● **WHAT YOU NEED TO DO**:
The reply should hold only the lines from the one with "A nota fala" to the one with "Bản vẽ Máy Rửa", both ends kept, exactly as they appear below, without any pictures.
Top of AVAILABLE DATA
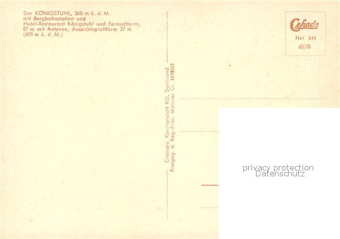 73131465 Koenigstuhl Heidelberg Bergbahnstation Hotel Fernsehturm postalisch nicht gelaufen Erhaltung siehe scans [NatalD47] KatCode: 11110008221000
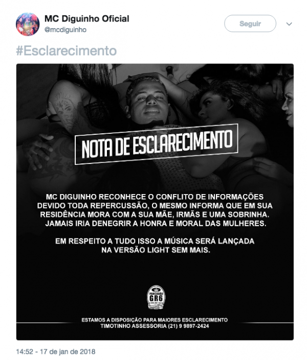 A nota fala em lançamento da “versão light”. Sim, ela foi gravada no mesmo dia, com direito a vídeo dizendo que a anterior foi mal interpretada, que ele não estava falando em fazer nada contra a vontade, que ao chamar as mulheres de malandras, filhas da p*** e outros adjetivos ele não quis ofender, enfim, mais do mesmo ritual que temos visto se repetir. Versão light, Brazyl:
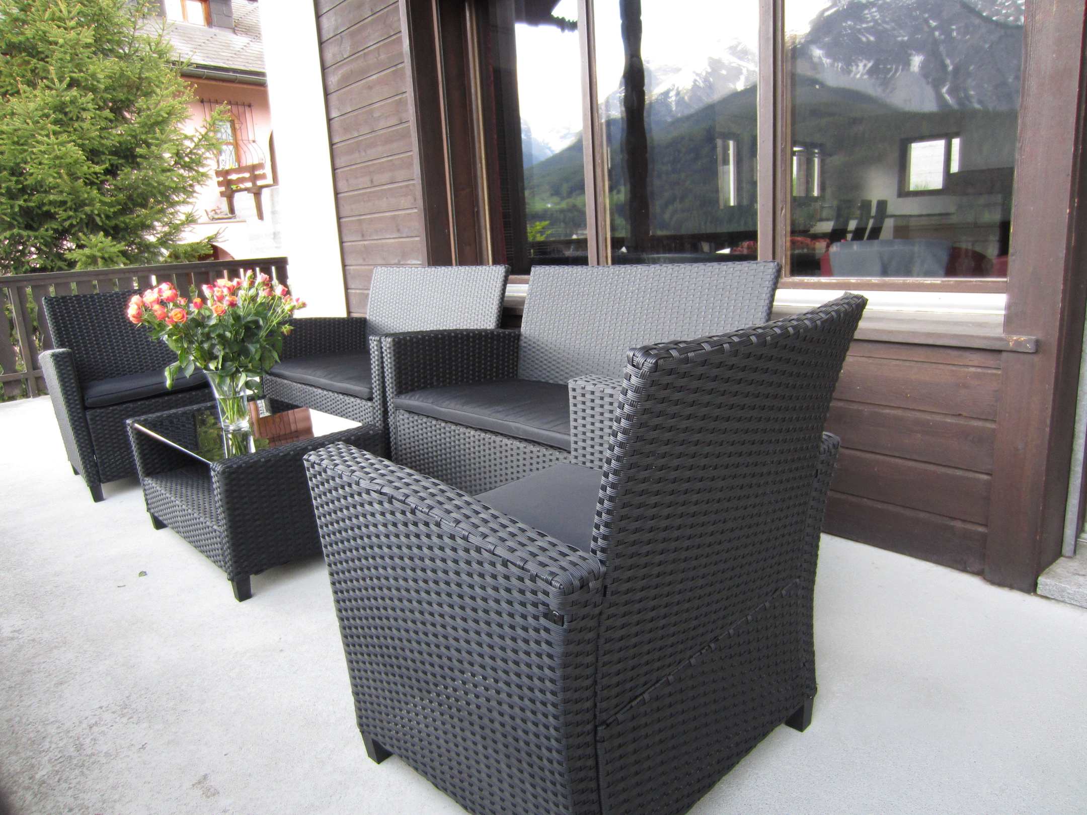27 qm Südbalkon mit Loungemöbeln und Aussicht
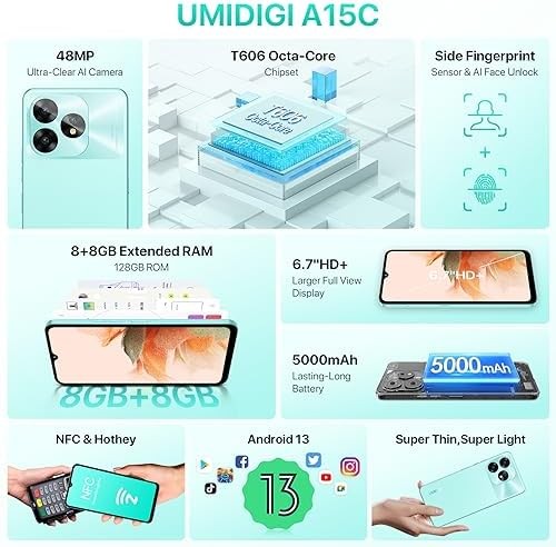 UMIDIGI A15C (16+128GB) Android 13 NFC Unlocked Cell Phone|48MP Camera|5000mAh Battery-Graphite Black
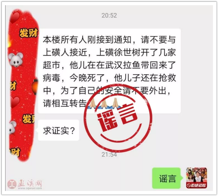 據巫溪有關部門通報,近日,有網民在網絡傳播“巫溪上磺徐某兒子武漢拉魚回來染病去世”的消息,經核實,巫溪上磺有位徐某是開著超市、在賣魚,不過全名與謠傳消息不符合。1月28日,有關部門證實:網傳消息反映情況不屬實,徐家人稱此消息純屬謠言,全家去年未去過武漢,家人并沒有生病。互聯網并不是法外之地,請廣大網民樹立法治意識,增強辨別能力。
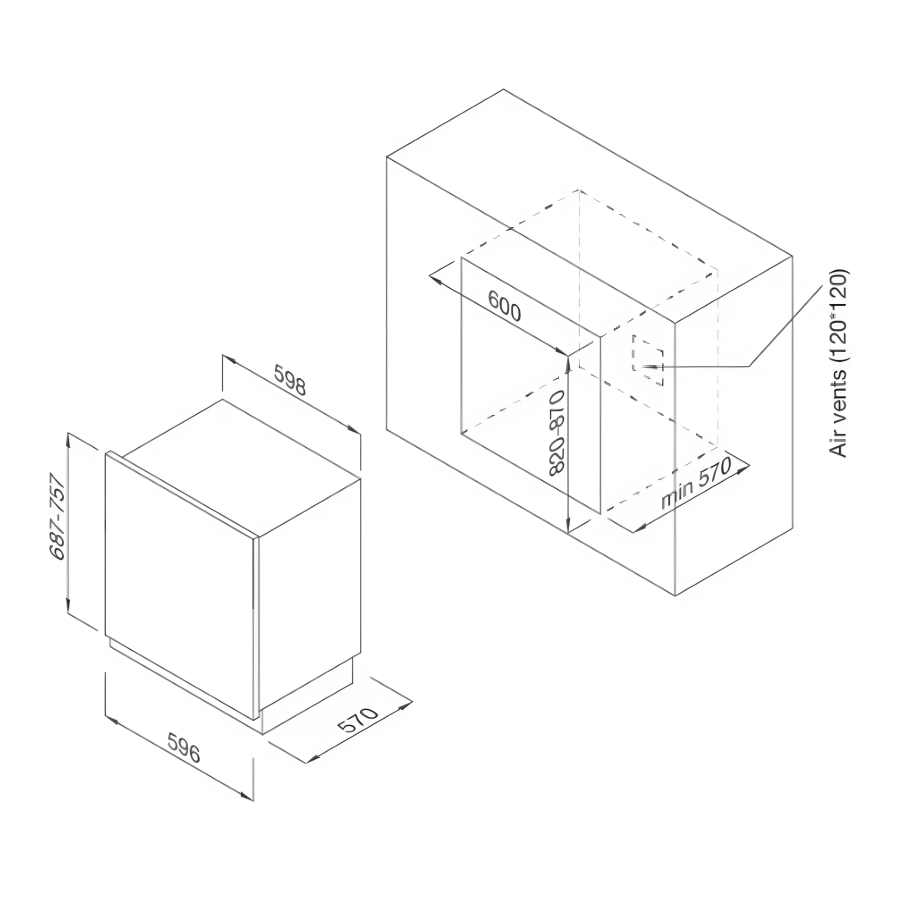 Bản vẽ Máy Rửa Chén Malloca MDW14-B09FI Âm Tủ
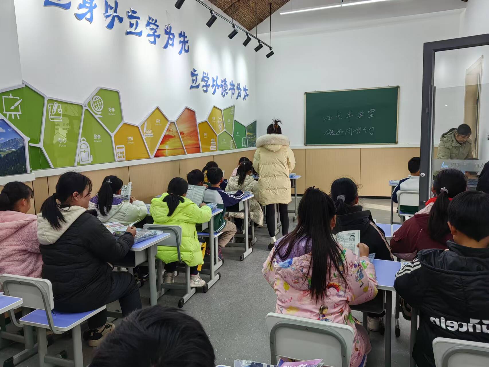 “這項(xiàng)活動(dòng)非常好,孩子的作業(yè)有人輔導(dǎo),可以玩一些科普知識(shí)和游戲,還可以讓孩子交一些新朋友?!眮?lái)接孩子回家的村民楊彩霞告訴記者。學(xué)生李子軒:(以前)一回家就打開(kāi)電視看,有時(shí)作業(yè)沒(méi)寫(xiě)?,F(xiàn)在來(lái)到這里,氛圍挺好,又有老師監(jiān)督寫(xiě)作業(yè),做完作業(yè)還可以看課外書(shū),還交到了新朋友,性格也變得開(kāi)朗了。” “作為我們老師來(lái)說(shuō),‘四點(diǎn)半課堂’大大提高了學(xué)生下午放學(xué)后的安全性,學(xué)生等待家長(zhǎng)時(shí)可以和同學(xué)一起看書(shū)、寫(xiě)作業(yè),家長(zhǎng)和我們都比較放心。”益海小學(xué)的王老師提到。
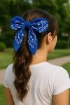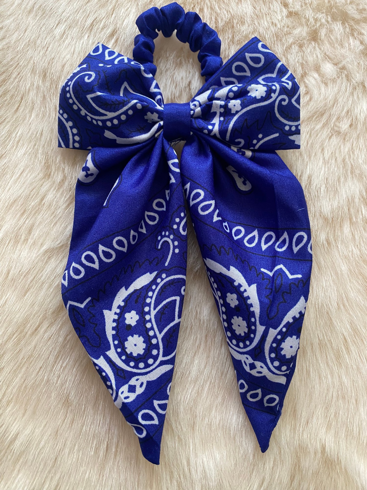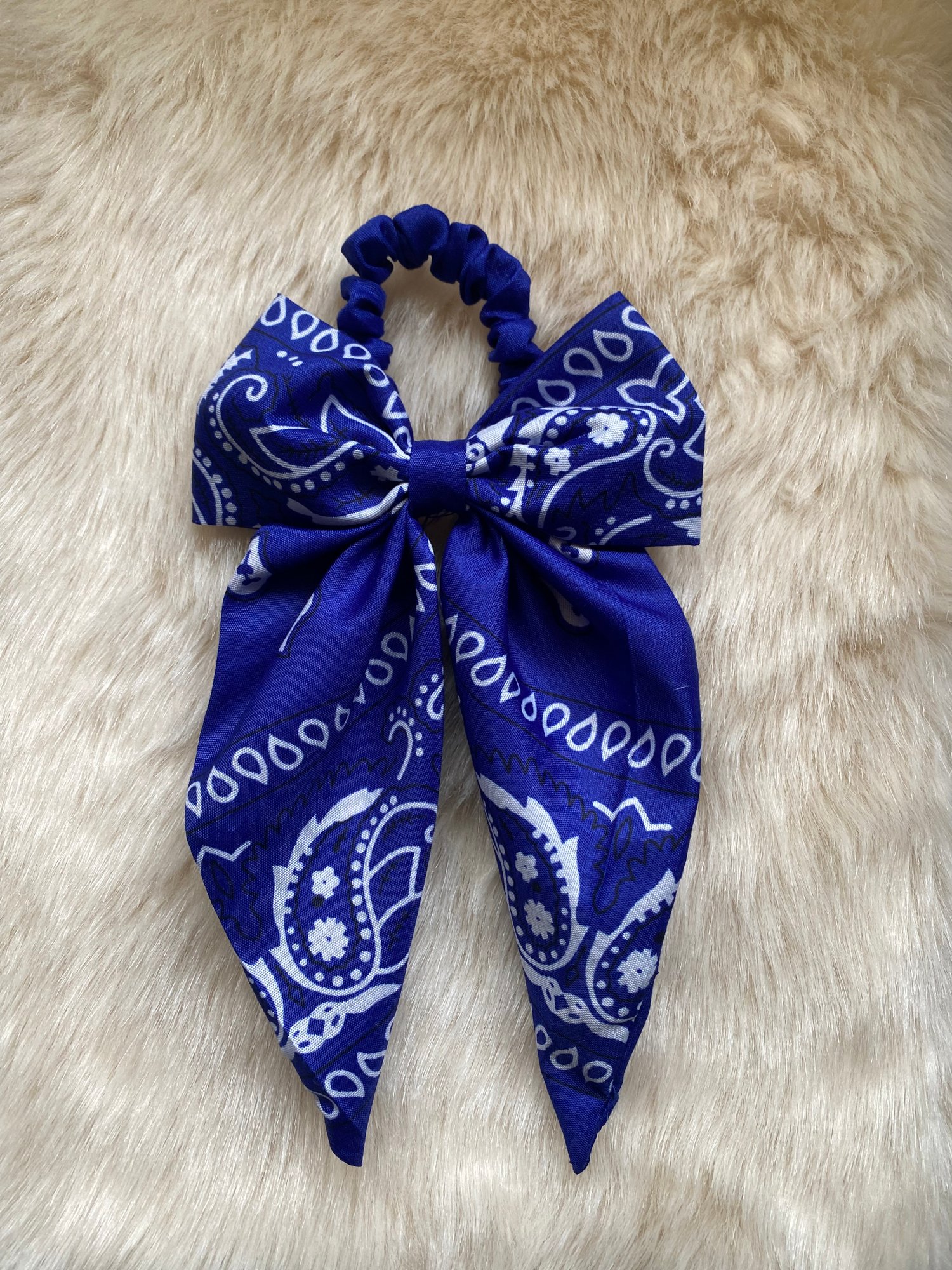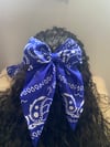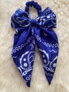 Large Blue Bandana Hair Bow Scrunchie Hair Tie
Bottom of AVAILABLE DATA
● **TASK SOLUTION**:
 A nota fala em lançamento da “versão light”. Sim, ela foi gravada no mesmo dia, com direito a vídeo dizendo que a anterior foi mal interpretada, que ele não estava falando em fazer nada contra a vontade, que ao chamar as mulheres de malandras, filhas da p*** e outros adjetivos ele não quis ofender, enfim, mais do mesmo ritual que temos visto se repetir. Versão light, Brazyl:
27 qm Südbalkon mit Loungemöbeln und Aussicht
 UMIDIGI A15C (16+128GB) Android 13 NFC Unlocked Cell Phone|48MP Camera|5000mAh Battery-Graphite Black
 據巫溪有關部門通報,近日,有網民在網絡傳播“巫溪上磺徐某兒子武漢拉魚回來染病去世”的消息,經核實,巫溪上磺有位徐某是開著超市、在賣魚,不過全名與謠傳消息不符合。1月28日,有關部門證實:網傳消息反映情況不屬實,徐家人稱此消息純屬謠言,全家去年未去過武漢,家人并沒有生病。互聯網并不是法外之地,請廣大網民樹立法治意識,增強辨別能力。
 Bản vẽ Máy Rửa Chén Malloca MDW14-B09FI Âm Tủ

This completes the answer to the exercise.